May 1 - Groomble Grumble

It's a new month! It's a new asshole!
I don't know what I'm saying.

Today I got up at 7am, when really I should have just kept sleeping.
But I really needed to download six Van Halen albums, plus the first two with Sammy Hagar.
I didn't lose sleep. Sleep just lost to Van Halen.

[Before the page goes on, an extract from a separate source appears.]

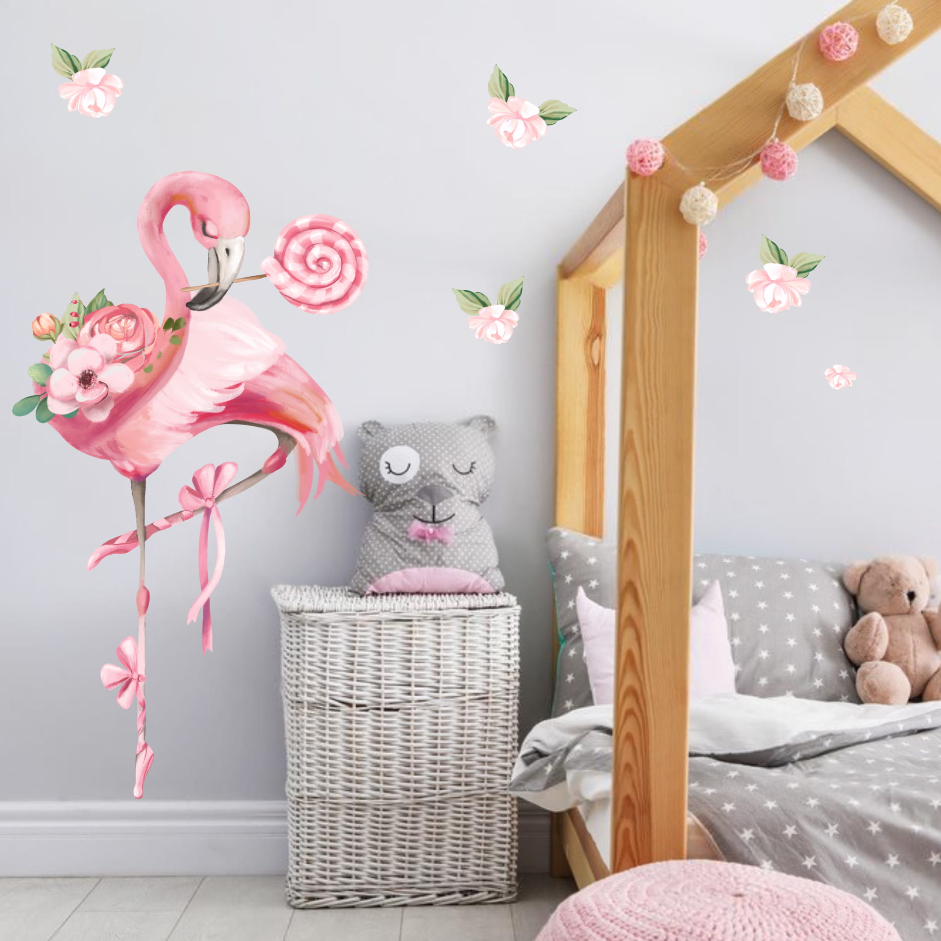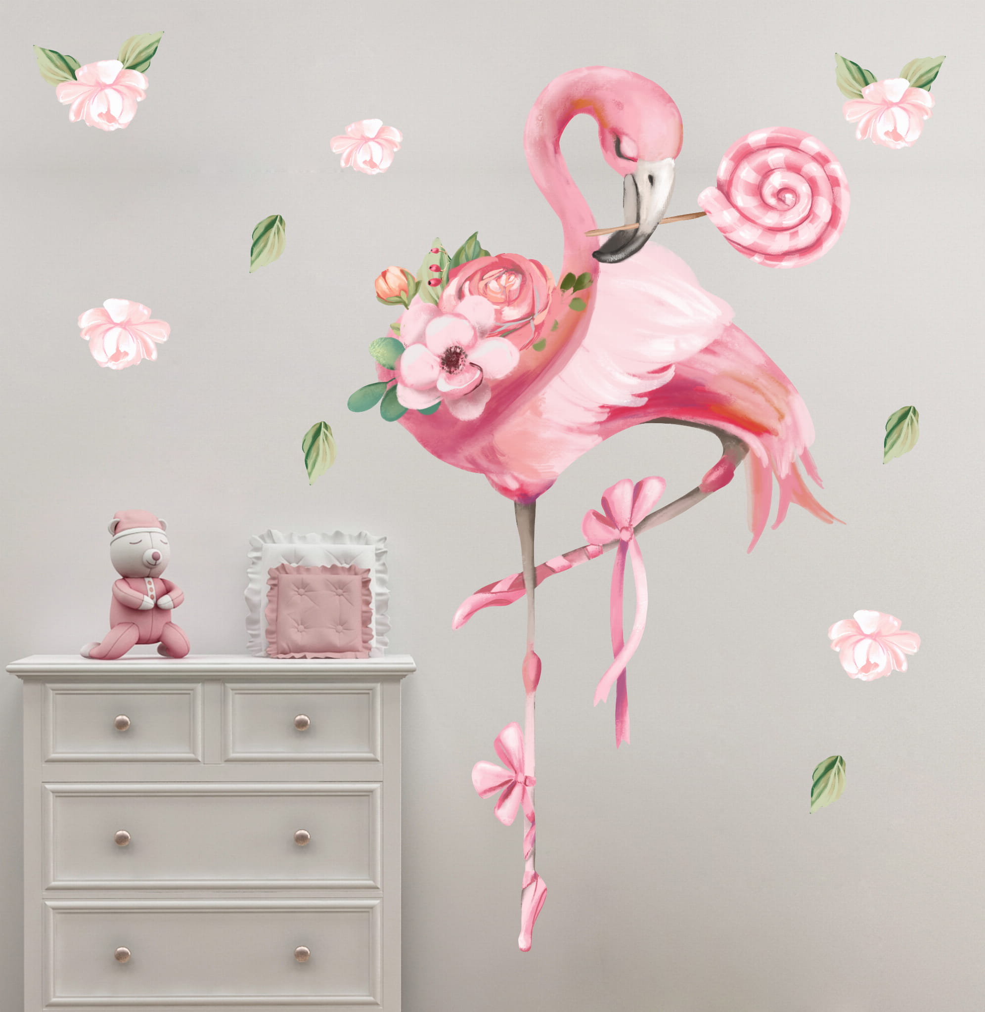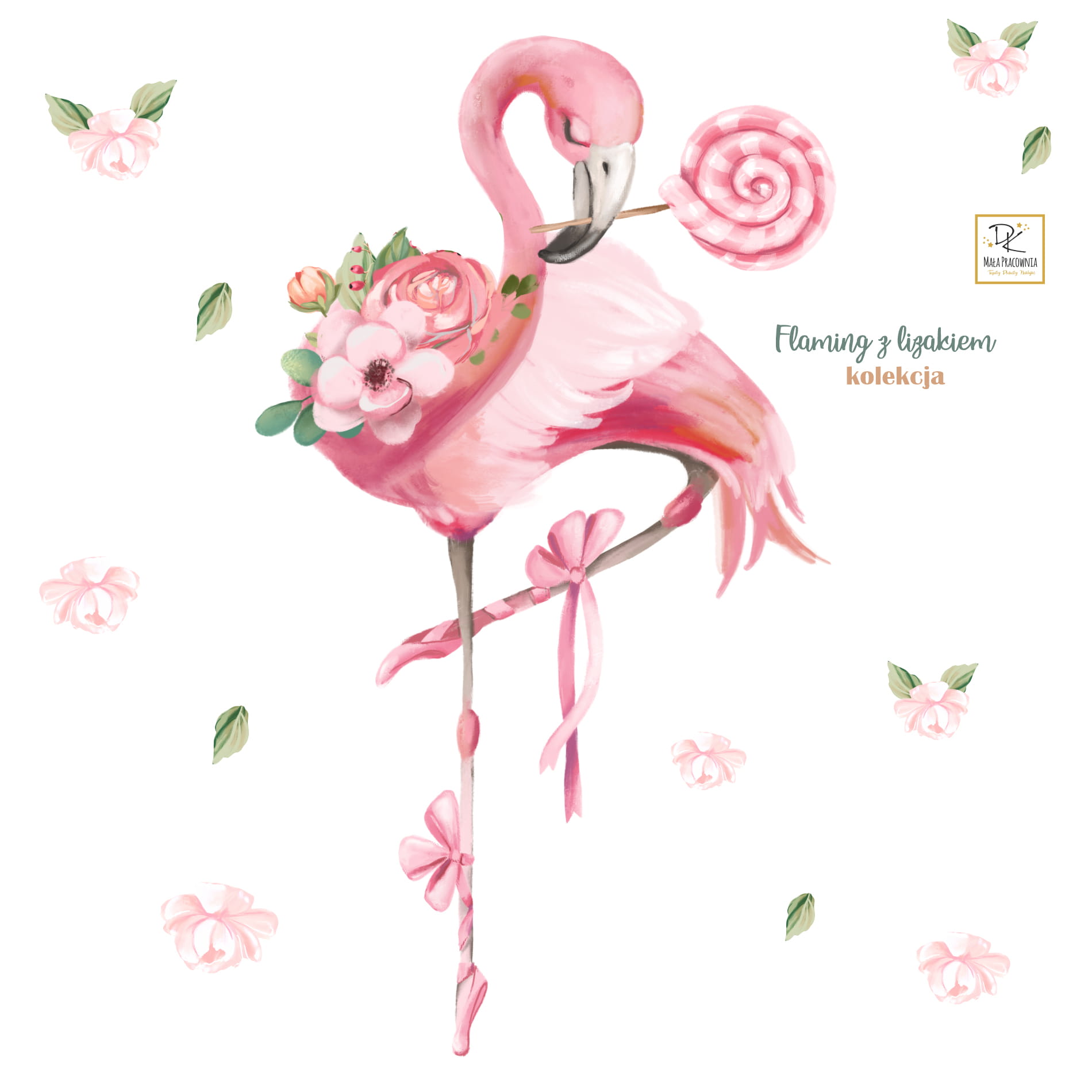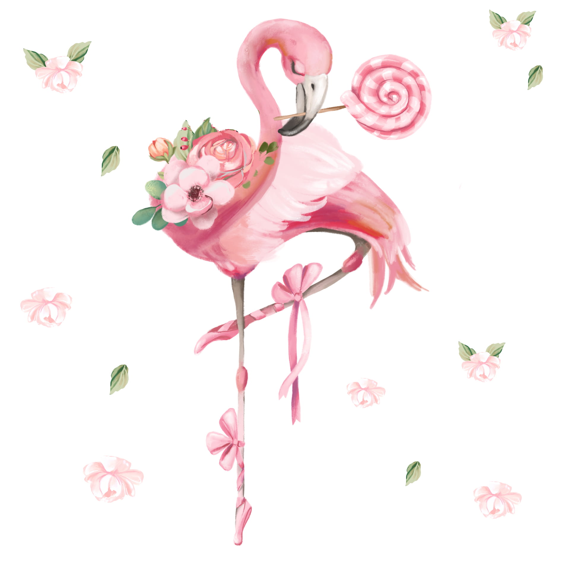 Flamingi to niezwykłe stworzenia – smukłe, eleganckie i pełne gracji. Nic dziwnego, że pokochały je małe baletnice! Nasza naklejka na ścianę z flamingiem przedstawia uroczego flaminga w baletkach, który niczym prawdziwa tancerka stąpa po delikatnych płatkach kwiatów. Jego różowe pióra mienią się niczym muślinowa spódniczka, a w dziobie dzierży kolorowy lizak – małą słodką tajemnicę, którą skrywa w świecie dziecięcej fantazji.
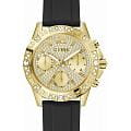 Женские наручные часы Guess Dress GW0772L5 с минеральным стекломМинеральное стеклоМинеральное стекло представляет собой искусственно выращенный минерал кварца. Такое стекло отличается особой устойчивостью к повреждениям и царапинам. Уступает по некоторым качествам сапфировому стеклу., кварцевый механизм с высокой точностью. Корпус часов изготовлен из стали с PVD-покрытиемPVDУльтратонкое покрытие наносится в технике вакуумного напыления, сочетает в себе нитрид титана особой прочности со слоем золота или оксида хрома. Несёт в себе декоративную или защитную функцию.. БезельБезельВнешний ободок, закрепляющий стекло. В спортивных часах так называется поворотное кольцо с делениями на циферблате, выполняет роль таймера – замеряет отрезки времени на шкале. Неподвижный безель – элемент декора. Однонаправленно вращающийся безель на дайверских часах позволяет фиксировать моменты погружения и выныривания на поверхность. с PVD-покрытиемPVDУльтратонкое покрытие наносится в технике вакуумного напыления, сочетает в себе нитрид титана особой прочности со слоем золота или оксида хрома. Несёт в себе декоративную или защитную функцию. украшен кристаллами. Стрелки с люминесцентным покрытиемЛюминесцентное покрытиеПозволяет считывать показания времени в темноте. Производители наносят на стрелки, часовые индексы, безель или поверхность циферблата светонакопительный состав, дающий холодное свечение.. Класс водозащиты: 50 метров, позволит защитить корпус от случайных брызг или капель дождя. Силиконовый ремешок с простой ремешковой застежкой.

I met Thea at her apartment in the afternoon.
We recorded a bonus track for the Nurse Novels single.
It's called "A Mouthful Of Sores Ain't No Fun" and was originally recorded by Willips Brighton. Unlike Willips, we did have fun, despite having to relocate to the bathroom on a count of sawing trees.
It might be the first time I've recorded drums while sitting on a toilet. Just like Bonham on "When The Levee Breaks", man. That's how he got that fuckin' sound! Mama Cass was so blown away by that drum sound she choked on a hot dog in Jim Morrison's tub. And then Jimi Hendrix gave Keith Relf a handjob with his teeth because he blew his nose into a handkerchief soaked in acid, man. And that's back when acid was goood. Nothing is as good as it was in the 60's and specific parts of the 70's. Nor will it ever be. And then the fat guy from Canned Heat, man. And The Munsters. It was like Passover and Black History Month and The Stanley Cup all in one!

It was time to groom the facial hair. I needed a moustache comb and some small scissors.
Osco had nothing. I searched for 15 minutes. I drove to Target. On the way to Target I realized I could have just ridden my bike. I don't even think to ride my bike anymore. This is sad fat news.
Target did not have a little men's grooming kit. I spent about 25 minutes looking in the same three aisles. How come I couldn't find this seemingly simple item? I went to Walgreens. It was looking grim. Doesn't every third male in Chicago have a moustache? Where on the earth do they get their fucking bullshit? I was beginning to think that having a moustache was an exclusive, restricted club, and that some connected asshole would have to approve me before telling me the secret of how to acquire a tiny comb.
But then a door opened. There, in the women's make up section (??), was the very last moustache grooming kit. I grabbed the fucking thing and split.

At home, I tamed the ugly caterpillar into a style similar to what I had intended. To celebrate, I stayed in, rewatched old Freaks and Geeks episodes, drank Manischewitz and ate leftover Easter chocolate.